After the 2008-09 financial crisis, brokerages tried to rein in advisers who took excessive risks. Encouraging them to use pre-vetted model portfolios was one way to curb rogue trades.

“The models are road tested and designed by experts,” said William Trout, head of wealth management at consulting firm Javelin Strategy & Research. “They keep the adviser on the right side of regulations.”

The extreme selloffs in March and ensuing volatility prompted more advisers to park money in model portfolios, Broadridge said. Across the market, model portfolios took in new money to make up nearly 30%—the highest-ever share—of fund assets managed through U.S. financial advisers and brokerages in September, according to Broadridge.

As firms that manage model portfolios buy and sell funds to keep them in check with targets, the tweaks can make big waves that aren’t always well received by the market.

Edward Jones, with thousands of advisers, is one of the biggest providers of model portfolios with some $200 billion of client assets in advisory accounts that can be invested in model portfolios. As those models powered big flows in the early 2010s, some fund managers complained they couldn’t handle the swings, said people familiar with the matter.

Edward Jones created in 2013 its own fund lineup called Bridge Builder —which picks multiple firms to run strategies—to reduce the impact of model shifts and lower costs for clients. Its model portfolios now provide access to those funds as well as others. The firm added that when it adjusts models, “we work with each asset manager to minimize the impact on clients and market liquidity.”

Firms don’t have to disclose their models’ daily values or sizes to regulators or the public, so it is impossible to pin down precisely how many assets are invested in model portfolios. Broadridge uses algorithms to identify clusters and patterns in fund ownership.

Today, the largest model portfolios hold more than $10 billion in assets. The 25-largest providers of U.S. model portfolios were behind nearly 90% of such assets, according to Cerulli Associates’ analysis of model portfolios it tracked at the end of 2019.

The asset-management firm BlackRock Inc. recently adjusted some models to include more environmentally conscious investment exposure after requests from fund distributors. That helped steer more money into its sustainability-themed fund lineup over the past year.

Models have been responsible for driving shifts from equity to bond funds, too. During the pandemic, advisers who used model portfolios shifted into mixes with a slightly more bond-heavy bent. That is what the tech firm Envestnet noticed on a portal it runs to help financial advisers manage client money. There is about $90 billion invested in model portfolios through the platform.

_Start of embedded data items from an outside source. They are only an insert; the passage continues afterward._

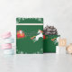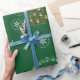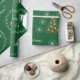 Elegante y adorable Navidades personalizados envolviendo papel con Santa en el trineo tirado por un unicornio con purpurina dorado y rojo en su mané y cola, varios copos de nieve y árboles de Navidad decorados con baudias plateadas. Perfecto para los niños pequeños, sobre todo las niñas que gustan de los unicornios. Con el saludo "Feliz Navidad / Emma!" en escritura cursiva / caligrafía. Asegúrese de que personaliza el nombre. En un fondo verde de Navidad.
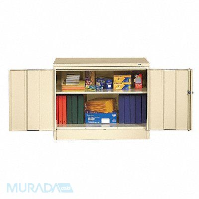Storage Cabinet Base Type Frame Body Panel Type Solid Cabinet Color Putty Cabinet Material Steel Cabinet Storage Components Shelves Door Handle Type Swing Door Type Solid Duty Rating Light Duty For Use Indoors/Outdoors No Frame Assembled Assembled Load Capacity per Shelf 200 lb Lock Type Keyed Mobility Stationary Mounting Location Freestanding Number of Shelves 2 Overall Depth 18 in Overall Height 30 in Overall Width 36 in Audit Trail Storage None Cabinet Finish Powder Coated
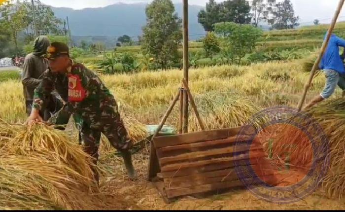 Anggota TNI Kodim Ponorogo Bantu Petani Panen Padi dan Komsos Sergab
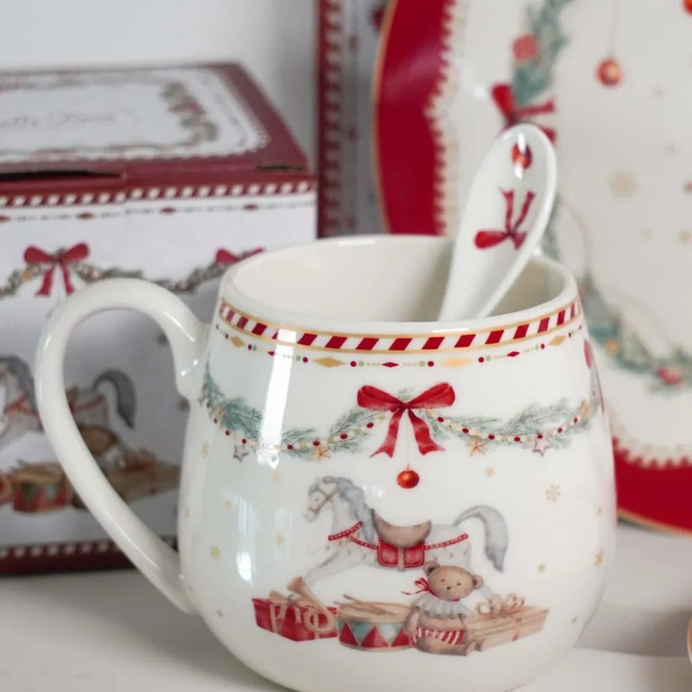 Der bauchige Happy‑Holidays‑Becher ist gemacht für lange Winterabende. Die runde Form liegt gemütlich in der Hand, der rote Rand mit Zuckerstangenmuster und die Tannengirlande ziehen sich elegant um den Becher. Das Motiv aus Schaukelpferd, Teddybär und Geschenken erinnert an Märchen unter dem Weihnachtsbaum.
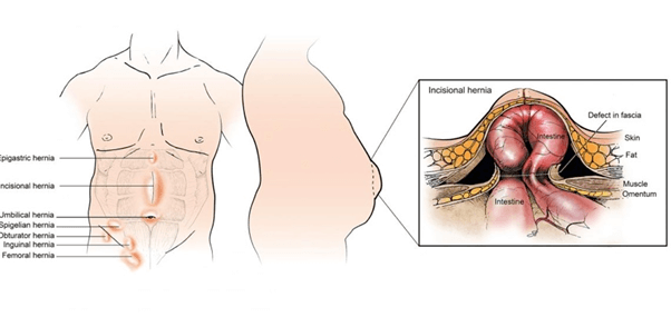 hernias happen in the groin area and are called inguinal or femoral hernias. Incisional hernias are from a
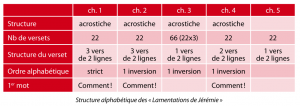 Le chapitre 5 est quelque peu différent ; il contient bien 22 versets, mais la lettre initiale de chaque verset ne suit plus l’ordre alphabétique. Même si ce chapitre n’est pas un acrostiche, le nombre de versets n’est sans doute pas une coïncidence !
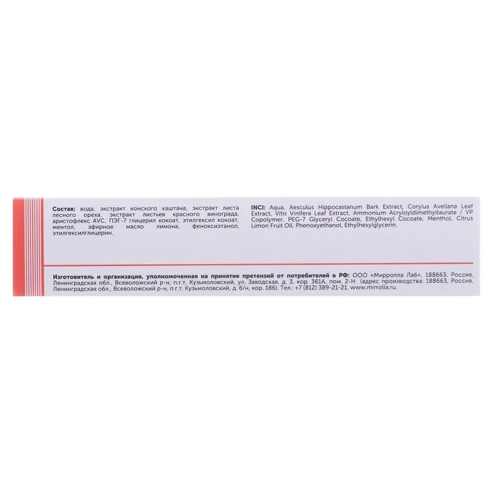 Состав: вода, экстракт конского каштана, экстракт листа лесного ореха, экстракт листьев красного винограда, аристофлекс AVC, ПЭГ-7 глицерил кокоат, этилгексил кокоат, ментол, эфирное масло лимона, феноксиэтанол, этилгексилглицерин.
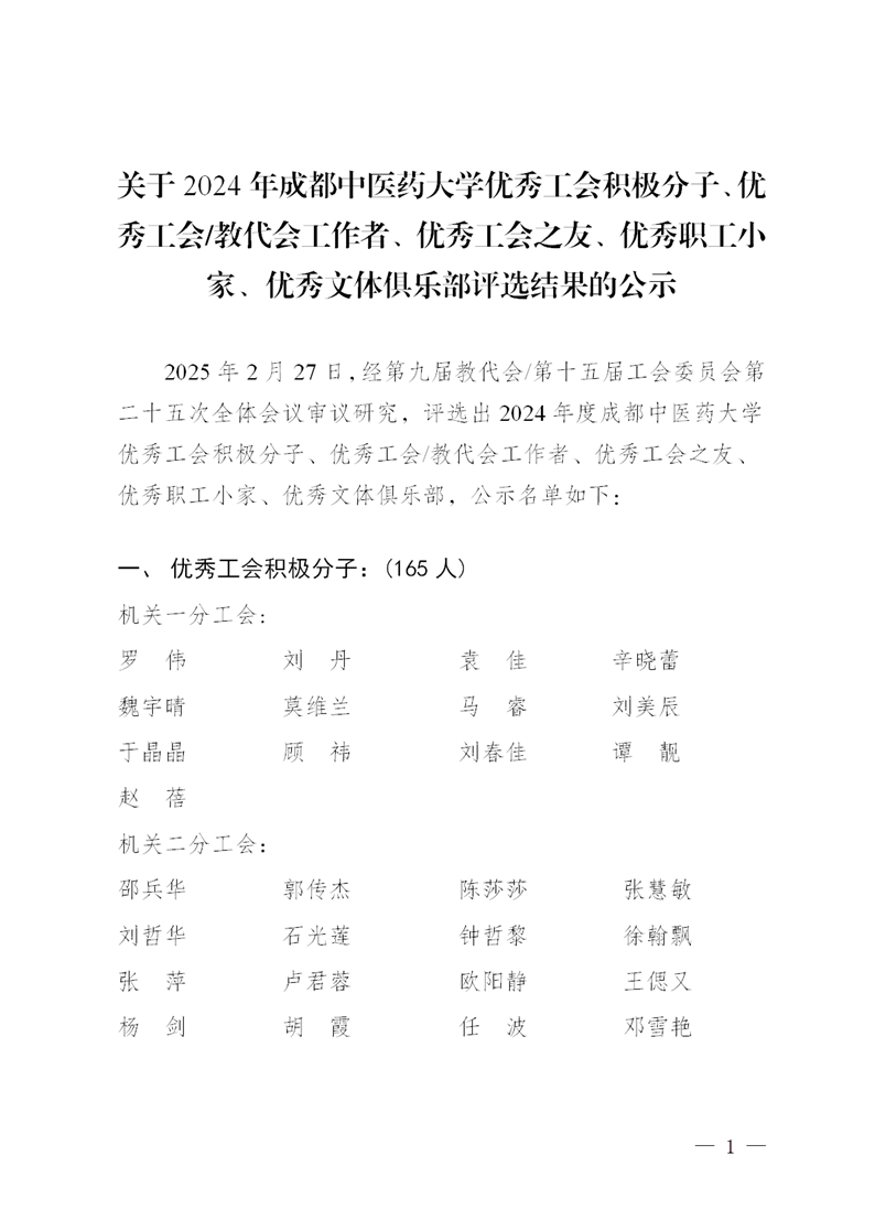 关于2024年成都中医药大学优秀工会积极分子、优秀工会/教代会工作者、优秀工会之友、优秀职工小家、优秀文体俱乐部评选结果的公示

Broadridge expects U.S. model portfolio assets to more than double to $10 trillion by 2025.

Investor advocates warn that the multitrillion-dollar force comes with risks for consumers. Firms in the model-portfolio business face few regulations when it comes to reporting performance to potential clients. Some models contain unproven funds.

“With the reporting standards being less than regulated vehicles, it is important to do the due diligence,” said Morningstar analyst Adam Millson.